We learned a great deal in the years that followed this tragedy, more about the materials we use to protect the Shuttle and the limitations and capabilities we have of bringing the Shuttle down safely if something like this ever happens again. And we know more about the risks that scared me and about the foam and ice on the ET and we have steps to address that, too.
Seven Astronauts paid for that lesson: Rick D. Husband, William C. McCool, Michael P. Anderson, Ilan Ramon, Kalpana Chawla, David M. Brown, and Laurel Clark. I must also note two others who died during recovery efforts: Jules F. Mier Jr. and Charles Krenek
Have we learned enough to preclude a recurrence? I don’t know. I hope so. I hope we tuck the lessons like Apollo, Challenger and Columbia in the corner of our minds whatever else we do and we resolved “Never again!” I don’t want us to grow complacent that such tragedies are inevitable, the price of going where no man has gone before. I want us to kick and fight and claw our way forward, unwilling to give an inch to fate, unwilling to accept defeat and any more deaths.
In the end, time will be the true judge on how well we have learned from these tragedies. Here’s hoping this is truly the last for human spaceflight. According to our previous Space Shuttle Program Manager , we still have work to do.
More resources
Wikipedia
CAIB Report
CAIB Hearing transcripts
Columbia Crew Survival Investigation Report
Stifling Dissent











I followed your link to Wayne Hale’s blog and watched the video he linked to. Yeah, that’s not good. And the scary thing is, NASA isn’t the only institution/company that runs that way. I’ve worked in retail for 30 years, and I’ve run into the scenario depicted in the video twice - with FW Woolworth’s and with The Home Depot, two of the worst-run companies I’ve ever had the misfortune to work for and observe. And of course, these days Woolworth’s is defunct and THD massively downsizes every couple of months (and I’ll be willing to bet - you heard it here first - that THD files for Chapter 11 within the next 6 months).

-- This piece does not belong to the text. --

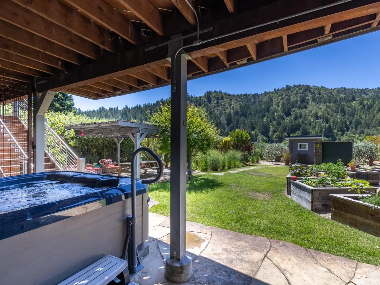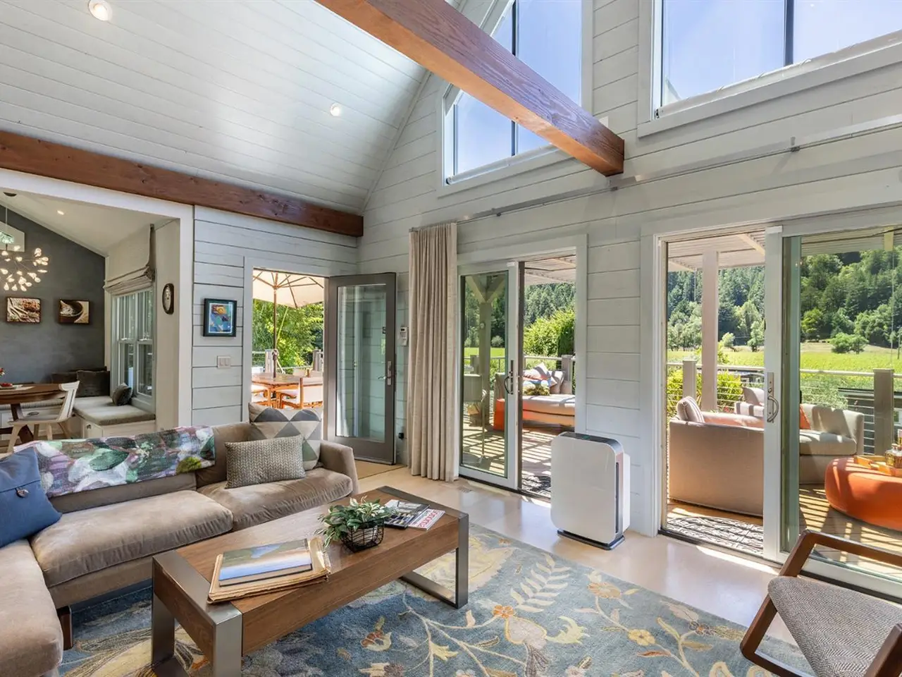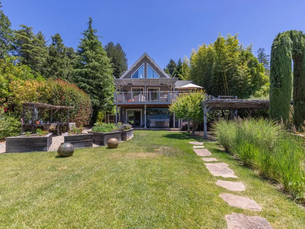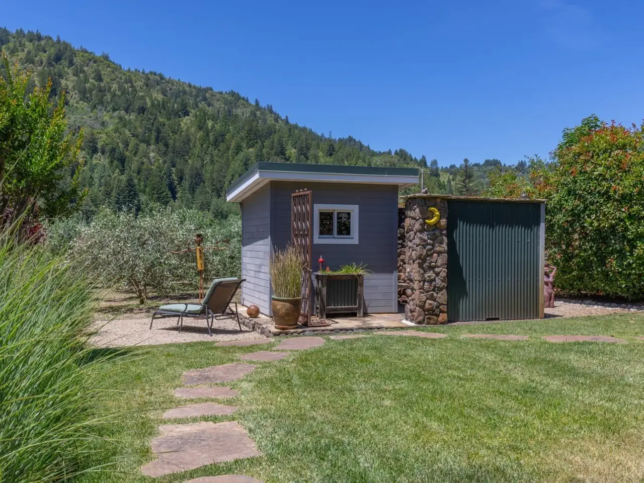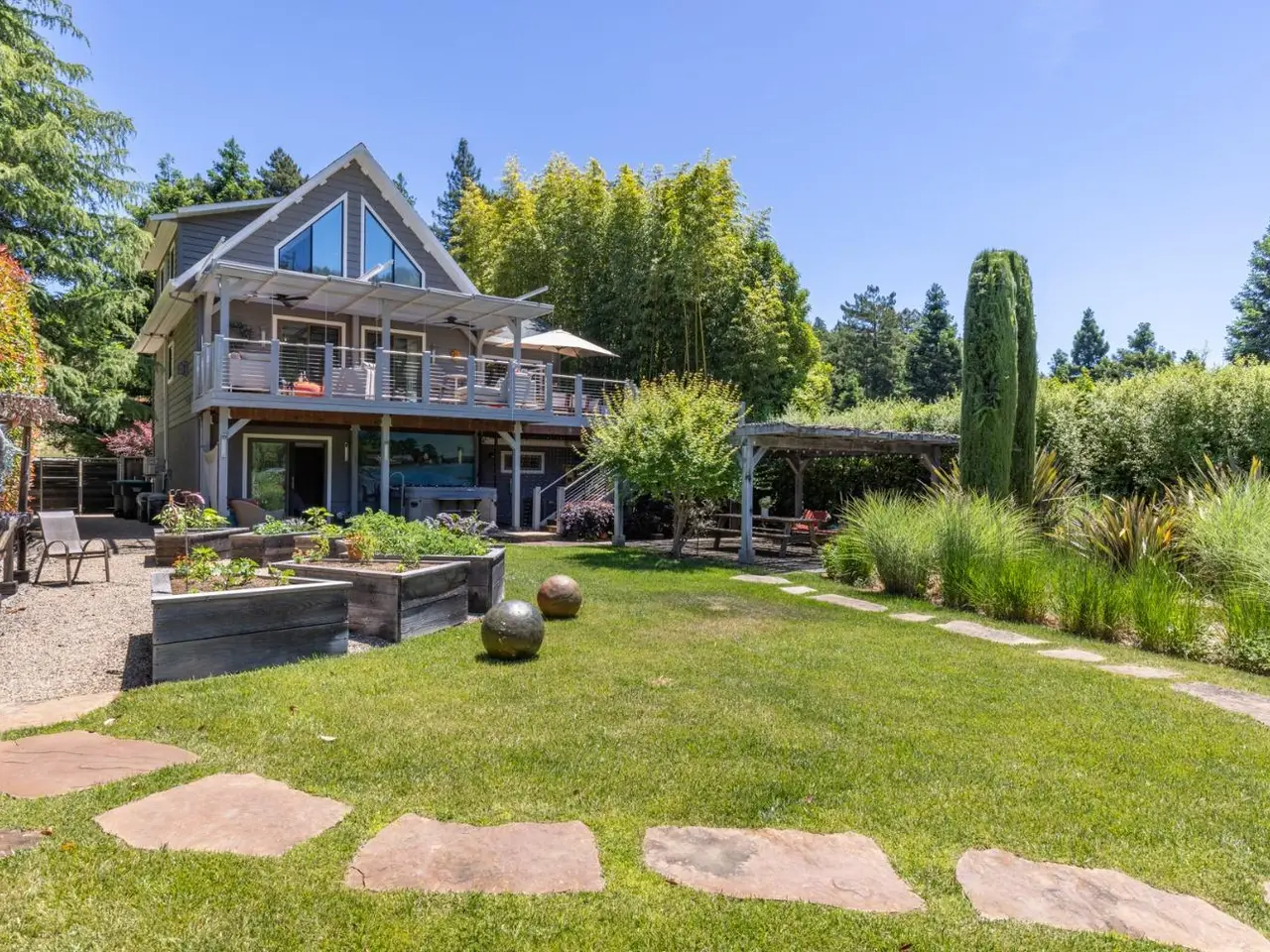 Escape to your own private oasis in this exquisite luxury property, where priceless views of the Korbel vineyard and the majestic mountains of the Russian River Valley set a breathtaking backdrop. Furnished with items meticulously curated by the acclaimed Zeitgeist Sonoma, every detail is expertly coordinated. Custom-built features and high-end finishes adorn every corner, making this home truly unique. The second-floor main level is ideal for entertaining friends or unwinding on the expansive covered deck while taking in the beauty that surrounds you. On the ground floor, a versatile fourth bedroom could be used as a game room or second living space, complete with a built-in Murphy bed and direct garden and spa access. Upstairs, the primary suite boasts a resort-like bath and walk-in closet. Outside, explore an expansive garden featuring artfully arranged garden beds, lush lawn, generous shaded patio, a firepit, craft studio, sauna with stone-walled shower, various fruit trees, and thriving olive orchard. From energy-efficient upgrades to advanced water filtration systems, no detail has been overlooked. Just a short walk from downtown Guerneville, yet nestled away from the hustle and bustle, this property offers a vacation-like setting you can cherish every day.

I’m really hoping the scenario in the video isn’t widespread in NASA. If it is, that’s scary! I’ve been through that “proper channels” and “that’s really not how we do things here” BS too many times, that pressure to conform, conform, conform, don’t make waves, don’t stick your head up above the herd. If that’s how NASA’s being run, it needs an overhaul, now. A space program has to, by its very nature, be open to innovation and the open sharing of ideas. If it regularly squashes that, it’s doomed.
What scares me even more is that you’ve run into that pushing safety. Safety should be hard-wired into every consideration NASA makes. If safety concerns are getting the “yeah, yeah, yeah, we know, we’ll deal with it” treatment, something is dreadfully wrong, and something needs to be done to address it. I sincerely hope that the scenario in the video isn’t widespread in NASA. And if it is, I hope Wayne sent a copy of that video to every director in NASA.
And finally, big hugs to you on a day that I know is a bad, bad anniversary for you.
I’m not sure what I can say that hasn’t already been said.
I hope in the future you have a chance to change things and see your impact on them–to know that what you’ve learned, that what you’re willing to share now, prevents something much worse from unfolding. That you can see the fruits of the changes you’ve made already, and that you find peace from it.
Thank you for writing this. My thoughts are with you.
Oh, wow, Stephanie. Such a personal recount of the events of this tragedy. Since it was your flight and you knew the crew personally, I know this had to be really hard to write about… I’m so sorry. I hope, as you do, that enough was learned to prevent a recurrence. Thanks for sharing this.
Davida
It was a sad day for all. I love the space flight program and I was at work when this happened. Thanks for sharing this post.